Significant advancements in antidepressant therapy, such as selective serotonin reuptake inhibitors, tricyclic antidepressants, other atypical antidepressant medications, like monoaminoxidase (MAO) inhibitors, and serotonin-noradrenergic reuptake inhibitors (SNRIs), have been developed to effectively address depression (Baldessarini, 2013; Cipriani et al., 2018). Although these medications are clinically recommended. However, there are several limitations to the current antidepressant medication, such as delayed onset of action, a very poor response, weight gain, loss of sexual desire, and several adverse effects. Approximately one-third of people treated have disappointing results from the present medication (Rush et al., 2006), which is frequently inadequate. This calls for the creation of novel and stronger antidepressants derived from conventionally used medicinal plants, whose potential has been evaluated in an animal model.

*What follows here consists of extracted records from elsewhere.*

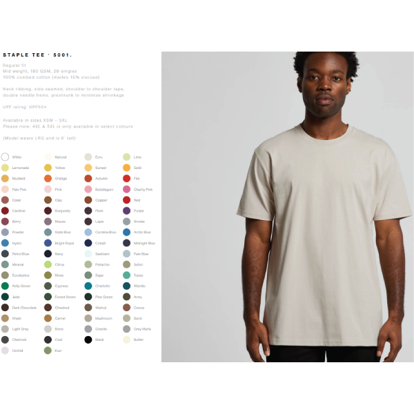 The AS Colour Staple Tee. Enduring comfort in a regular fit, crafted from 180 GSM 100% combed cotton. Featuring neck ribbing, side seams, and double needle hems for durability and minimal shrinkage, it's a timeless choice for comfort and style. Available in 70+ colours. Built to last.
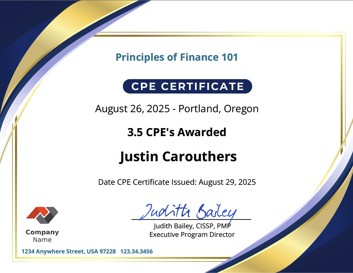 Below you will find a few examples of creative Certificates of Continuing Education designed and distributed by actual SimpleCert customers.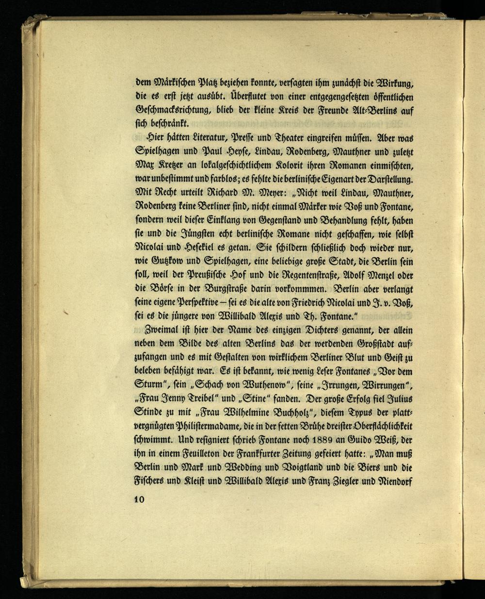 Hier hätten Literatur, Presse und Theater eingreifen müssen. Aber was Spielhagen und Paul Heyse, Lindau, Rodenberg, Mauthner und zuletzt Max Kretzer an lokalgeschichtlichem Kolorit ihren Romanen einmischten, war unbestimmt und farblos; es fehlte die berlinische Eigenart der Darstellung. Mit Recht urteilt Richard M. Meyer: „Nicht weil Lindau, Mauthner, Rodenberg keine Berliner sind, nicht einmal Märker wie Voß und Fontane, sondern weil dieser Einklang von Gegenstand und Behandlung fehlt, haben sie und die Jüngsten echt berlinische Romane nicht geschaffen, wie selbst Nicolai und Hesekiel es getan. Sie schildern schließlich doch wieder nur, wie Gutzkow und Spielhagen, eine beliebige große Stadt, die Berlin sein soll, weil der Preußische Hof und die Regentenstraße, Adolf Menzel oder die Börse in der Burgsiraße darin vorkommmen. Berlin aber verlangt seine eigene Perspektive — sei es die alte von Friedrich Nicolai und I. v. Voß, sei es die jüngere von Willibald Alexis und Th. Fontane."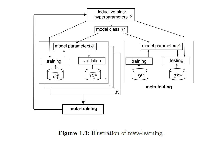 元学习:在元学习中,我们可以访问许多任务的数据,但我们对训练机器学习模型不感兴趣,就像在多任务学习中那样。相反,我们希望使用来自多个任务的数据来设计一个训练程序,而不是产生一个单一的机器学习模型。具体来说,目标是确保元学习训练过程能够有效优化机器学习模型,用于任何先验未知的学习任务。因此,在元学习设置中,人们不知道目标任务将是什么,尽管人们期望它与那些有数据可获得的目标任务相似。通过优化学习过程,元学习实现了一种学习的形式。在图像分类示例中,元学习将生成一个过程,能够通过使用来自其他类似分类任务池的数据,为任何新的分类任务优化分类器。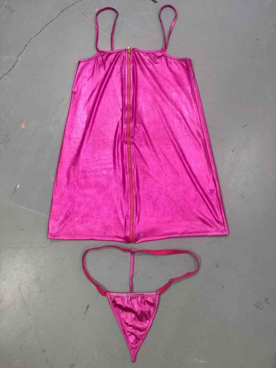 1.8秒杀[庆祝][庆祝] 两件套性感辣妹漆皮吊带弹力包臀连衣裙,独立包装,瑕疵串色(如图8)均码:穿到80-100斤左右,数量230套左右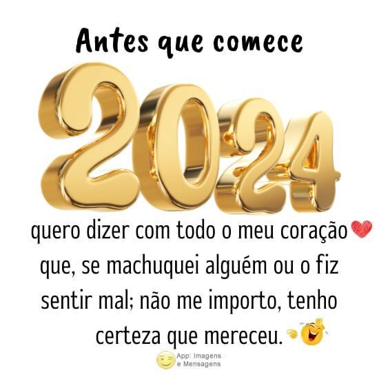 Antes que comece 2024 quero dizer com todo o meu coração que, se machuquei alguém ou o fiz sentir mal; não me importo, tenho certeza que mereceu.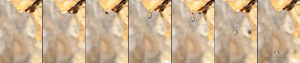 Una gota es un volumen pequeño de algún líquido (agua, por ejemplo), delimitada casi completamente por superficies encadenadas entre sí. La manera más sencilla de formar una gota es permitir que el líquido fluya suavemente hacia el borde de un recipiente. Cuando la gota se exceda de un determinado tamaño, perderá su estabilidad y caerá. Las gotas de agua también se forman por condensación, al enfriar un vapor y por atomización. El peso de la gota más grande que puede colgar del borde de un tubo de radio "a" es (aproximadamente):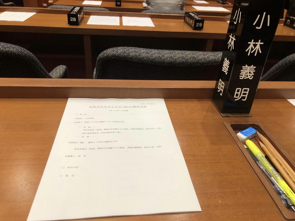 10時から、「6月定例岡山県議会」再開。自民党、民県クラブ、公明党の代表質問が行われました。自民党代表質問者は、蓮岡靖之政務調査会長。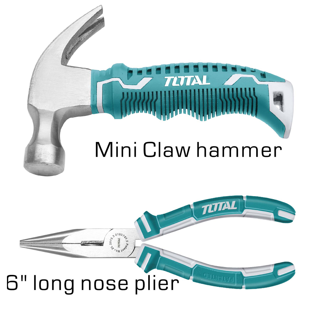 Bộ dụng cụ 6 món gồm búa, thước, dao, kềm, tua vít có hộp đựng TOTAL THKTHP90066 là một bộ công cụ đa năng được thiết kế để sử dụng trong nhiều công việc cắt, kẹp, đo đạt, tháo lắp và vặn vít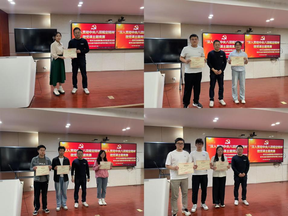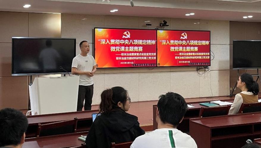 为进一步做好支部党员的革命传统教育工作,提高党员担当作为能力,4月16日,粉末冶金国家重点实验室党支部联合粉末冶金功能材料研究所第三党支部于岳麓山校区三一大楼409会议室举办了“深入贯彻中央八项规定精神”主题微党课竞赛活动,两支部全体党员(含中共预备党员)、入党积极分子出席活动。本次活动由罗行同志主持。

Several herbal plants, including Cleome rutidosperma (Archi et al.; 2016), Nyctanthes arbor-tristis (Das et al., 2008), Hibiscus rosa-sinensis (Sheikhar et al., 2024), Scutia myrtina (Kumar et al., 2014), and Achyranthes aspera (Bhosale et al., 2011), have been widely used for the management of various ailments, including mood disorders.

The traditional Indian medical system, known as Ayurveda, places a high value on the pharmacological properties of numerous plants. The other species of Artemisia having antidepressant activities are Artemisia dracunculus (Khosravi et al., 2017), Artemisia absinthium (Liu et al., 2025), Artemisia herba-alba, (Amara et al., 2025), Artemisia absinthium, (Mahmoudi et al., 2009). However, there are no reported data regarding the anti-depressant activity of A. pallens. Therefore, this plant was selected for the present study.

Artemisia pallens (davana) is an emerging medicinal plant belonging to the Asteraceae family, used alone or in combination to treat many diseases, and widely used in the fragrance industry (Alakararao et al., 1981).

The chemical constituents present in the plants include flavonoids, glycosides, saponins, alkaloids, phenols, and essential oils (Duman, 2004; El-Mallakh and Wyatt, 1995; Finberg and Rabey, 2016).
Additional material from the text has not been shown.